%%
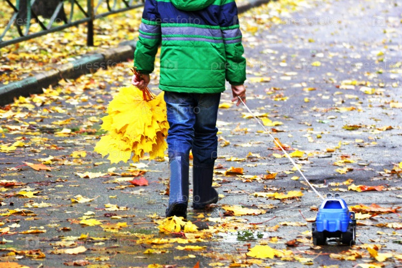Мальчик в зеленой куртке, сапогах идет по дороге, покрытой опавшими листьями, тянет игрушечную машинку и представляет собой букет из желтых листьев ручной работы
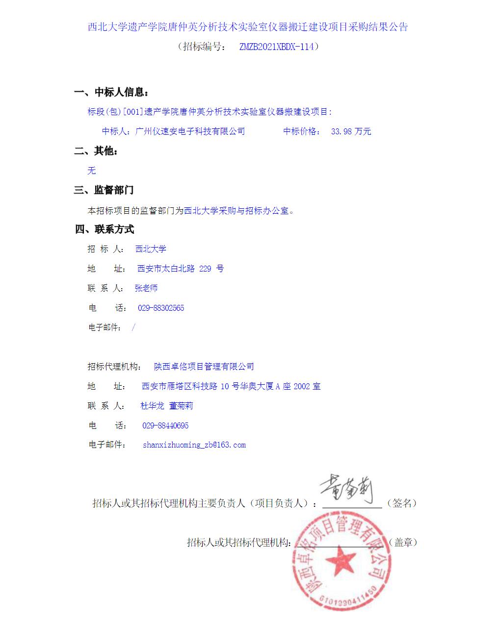 关于开云手机网页版登录入口遗产学院唐仲英分析技术实验室仪器搬迁建设项目采购结果公告
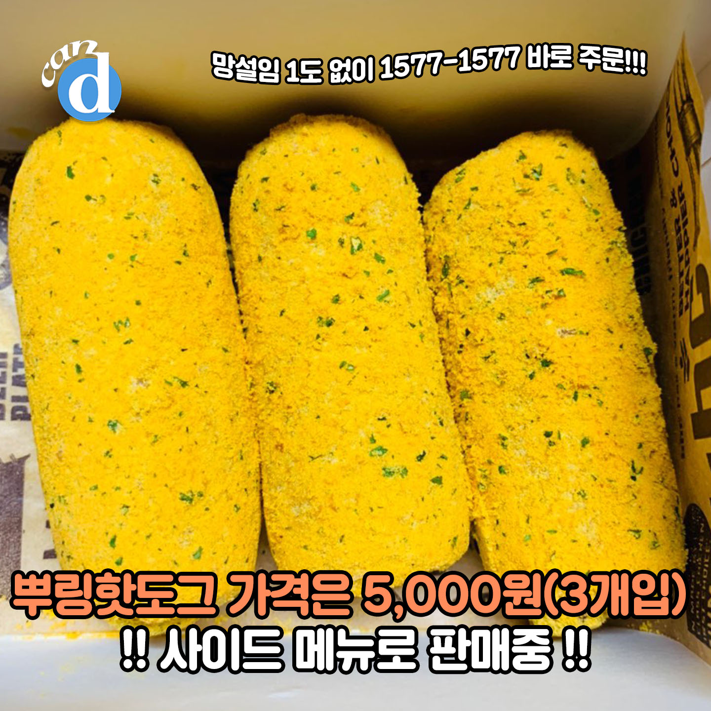 최근 BHC에서 뿌링클치킨, 뿌링치즈볼에 이어 갓띵작, 뿌링핫도그를 선보였다고 합니다.
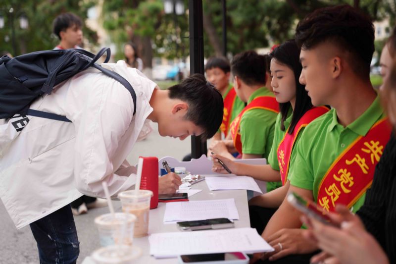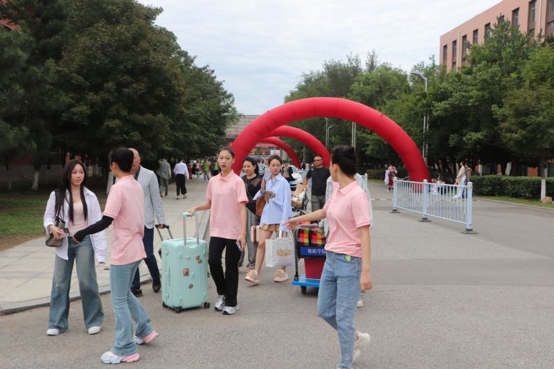 共产党员先锋岗和志愿者队伍在早7时就已到达各自点位,在新生到来的第一时间引导他们入校,帮忙搬运行李,细致耐心答疑。接过沉甸甸的行囊,欢迎远道而来的学子回“家”。
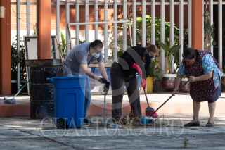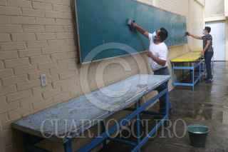 CIUDAD DE MÉXICO, 22MAYO2021.- Padres de familia de la Escuela Secundaria Diurna #82 "Abraham Lincoln", comenzaron a realizar la limpieza de las instalaciones para el inicio de clases el próximo 7 de junio, la cual será de forma escalonada y con medidas preventivas estrictas para evitar contagios de Covid-19. FOTO: GRACIELA LÓPEZ /CUARTOSCURO.COM
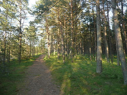 - Ein schmaler Sandweg führt durch dunklen Tann.
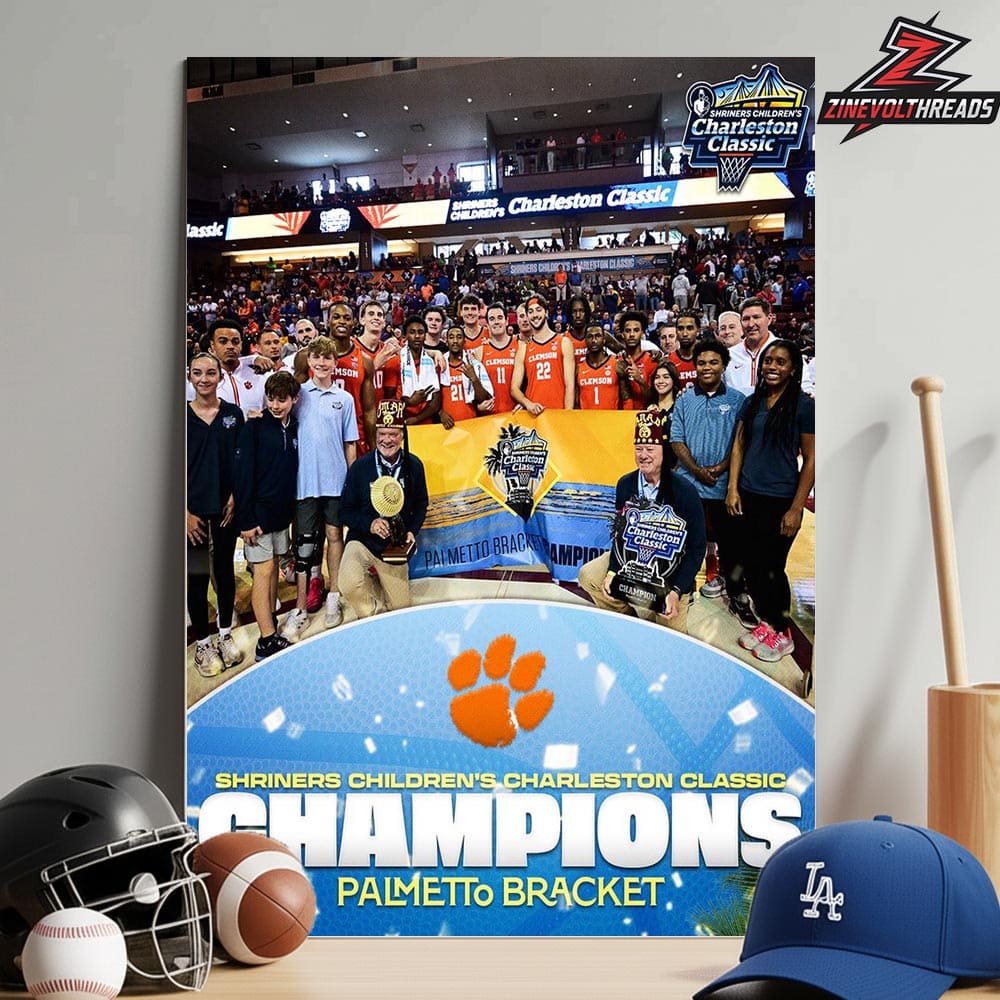 Product Highlights: Wall Art Featuring Clemson Tigers Are 2025 Shriners Children’s Charleston Classic Palmetto Bracket Champions Home Decor Poster Canvas
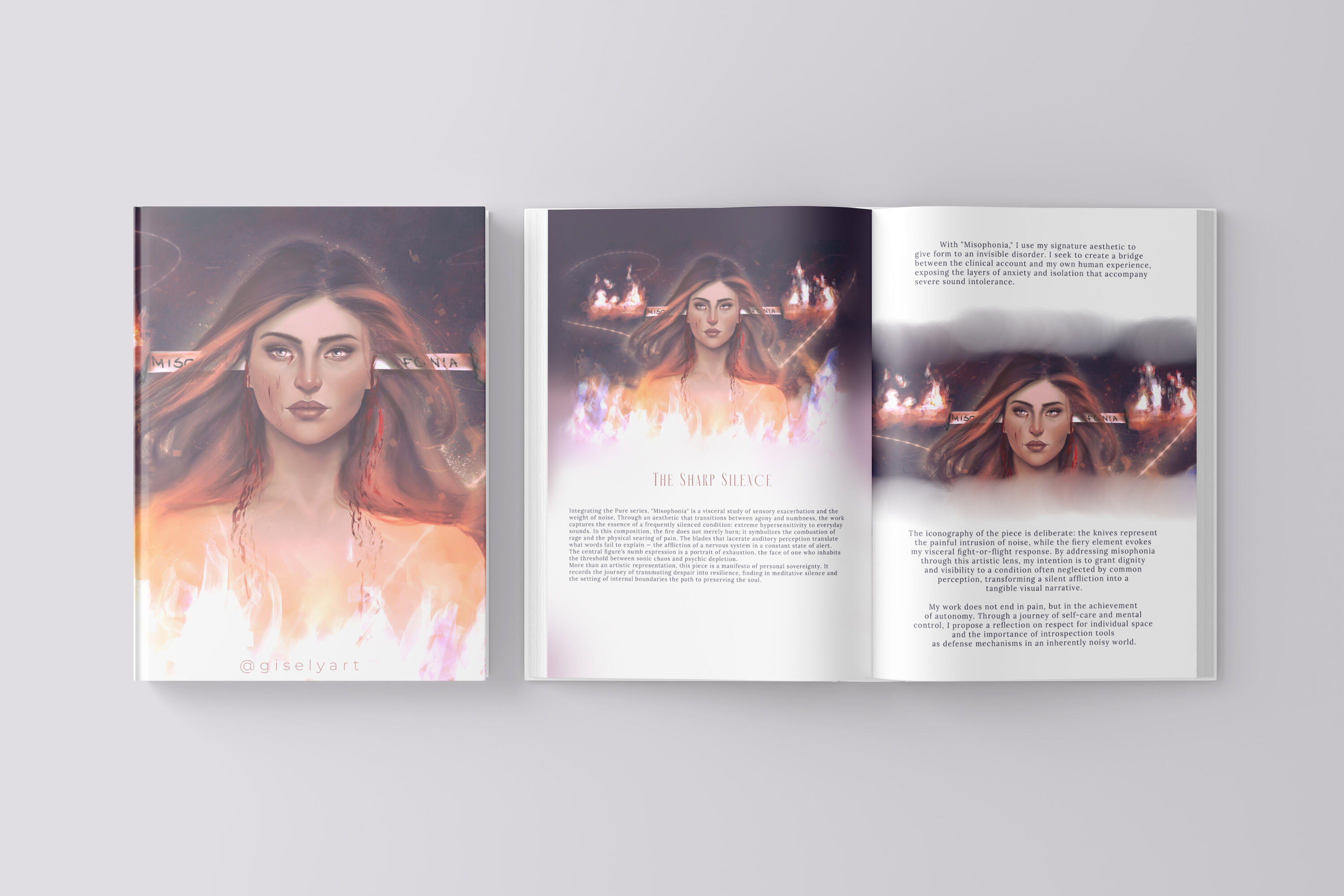 EN With "Misophonia," I use my signature aesthetic—Dark Romanticism—to give form to an invisible disorder. I seek to create a bridge between the clinical account and my own human experience, exposing the layers of anxiety and isolation that accompany severe sound intolerance.The iconography of the piece is deliberate: the knives represent the painful intrusion of noise, while the fiery element evokes my visceral fight-or-flight response. By addressing misophonia through this artistic lens, my intention is to grant dignity and visibility to a condition often neglected by common perception, transforming a silent affliction into a tangible visual narrative.My work does not end in pain, but in the achievement of autonomy. Through a journey of self-care and mental control, I propose a reflection on respect for individual space and the importance of introspection tools as defense mechanisms in an inherently noisy world.----BR Com "Misofonia", utilizo minha assinatura estética para dar forma a um distúrbio invisível. Busco criar uma ponte entre o relato clínico e a minha própria experiência humana, expondo as camadas de ansiedade e isolamento que acompanham a intolerância severa ao som.A iconografia da peça é deliberada: as facas representam a intrusão dolorosa do ruído, enquanto o elemento ígneo evoca minha resposta visceral de luta ou fuga. Ao abordar a misofonia sob esta lente artística, minha intenção é conferir dignidade e visibilidade a uma condição frequentemente negligenciada pelo senso comum, transformando uma aflição silenciosa em uma narrativa visual tangível.Meu trabalho não se encerra na dor, mas na conquista da autonomia. Através de uma jornada de autocuidado e controle mental, proponho uma reflexão sobre o respeito ao espaço individual e a importância de ferramentas de introspecção como mecanismos de defesa em um mundo inerentemente ruidoso.
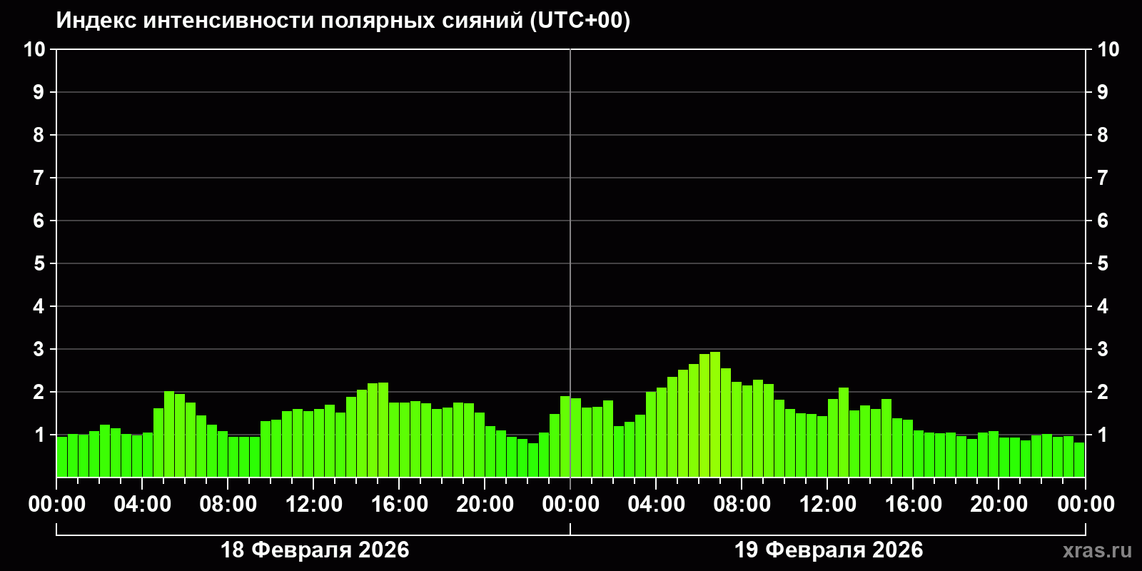 Изменения индекса интенсивности полярных сияний с 2026-02-18 по 2026-02-19 по местному времени
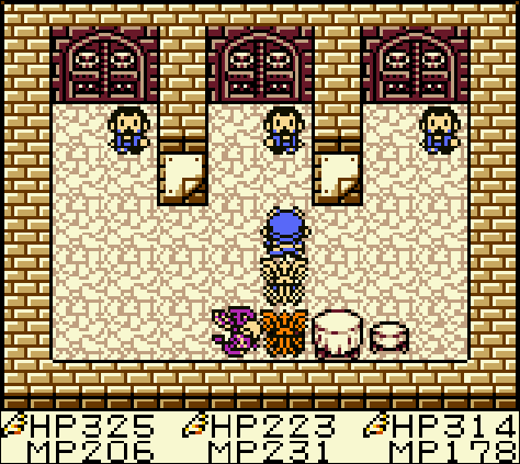 こいつは『マホトーン』、『ラリホーマ』などを使いつつ通常攻撃でダメージを与えてくる。呪文は封じられても意味ないので問題なし。娘たちは睡眠に弱いので『ラリホーマ』で眠ったりもするが、敵は通常攻撃しか使ってこない。その通常攻撃も30程度でダメージを抑えられているので致命傷にはならない。
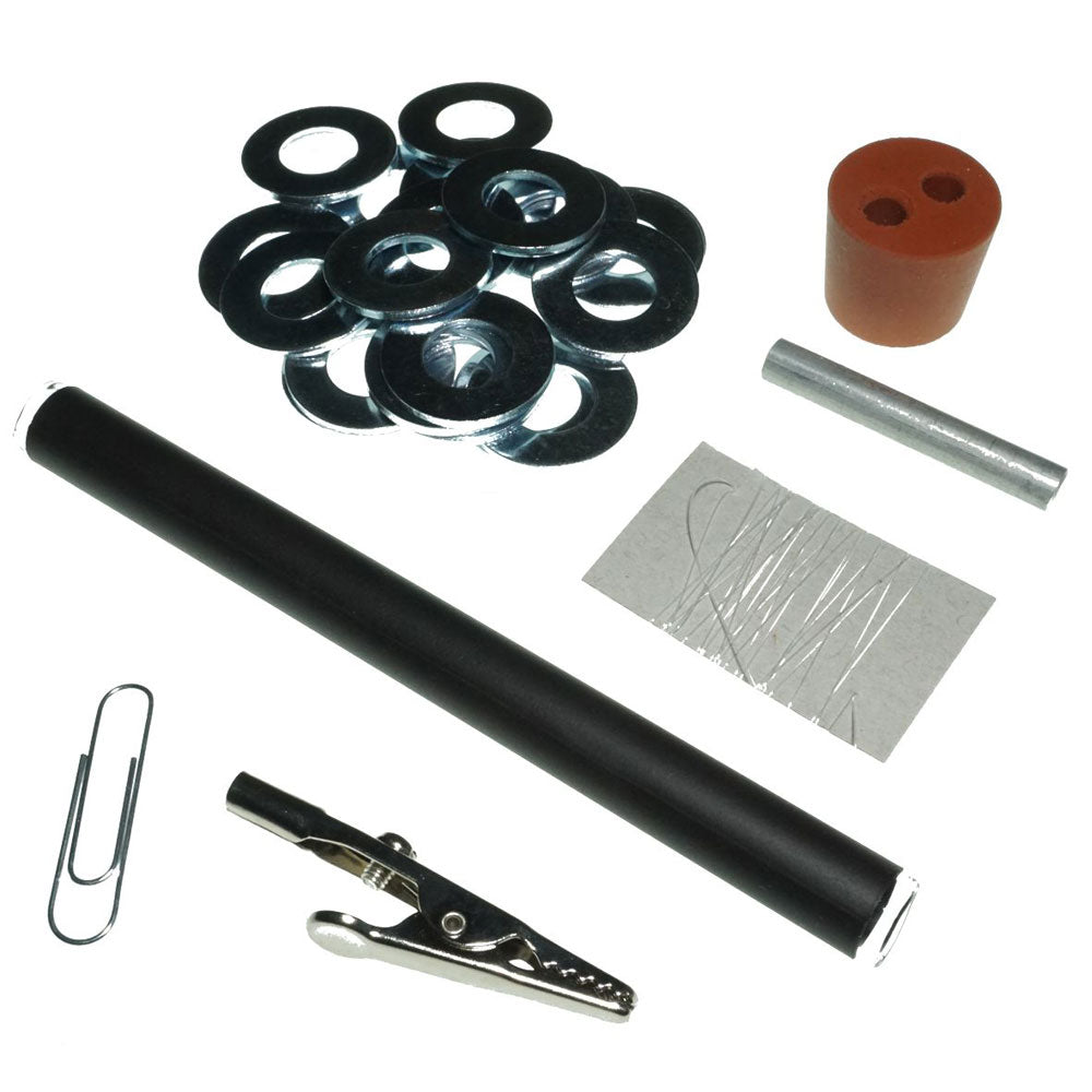 This PSSC kit consists of a glass handle (low friction) and a cord with weights (metal washers) and paper clip, rubber stopper, a wood dowel and an alligator clip.
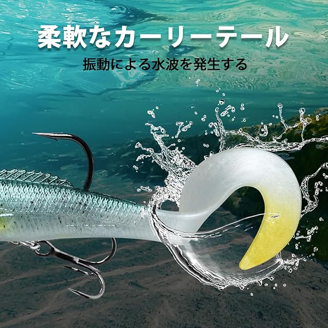 【日本現地のデザイン・素材を採用】ルアーは日本で専門的に設計され、高品質の日本製PVC素材を使用しています。 ルアーの表面コーティングと光の屈折率はチューニングされ、厳格にテストされ、ルアーがよりリアルで水中で魅力的になり、効果的にキャッチ率を高めます。
%%
- [Your objective]: Give again, word for word, only the lines that run from the top of the data above through the line with "共产党员先锋岗和志愿者队伍在". Drop the pictures.

- [Exercise response]:
Мальчик в зеленой куртке, сапогах идет по дороге, покрытой опавшими листьями, тянет игрушечную машинку и представляет собой букет из желтых листьев ручной работы
 关于开云手机网页版登录入口遗产学院唐仲英分析技术实验室仪器搬迁建设项目采购结果公告
 최근 BHC에서 뿌링클치킨, 뿌링치즈볼에 이어 갓띵작, 뿌링핫도그를 선보였다고 합니다.
 共产党员先锋岗和志愿者队伍在早7时就已到达各自点位,在新生到来的第一时间引导他们入校,帮忙搬运行李,细致耐心答疑。接过沉甸甸的行囊,欢迎远道而来的学子回“家”。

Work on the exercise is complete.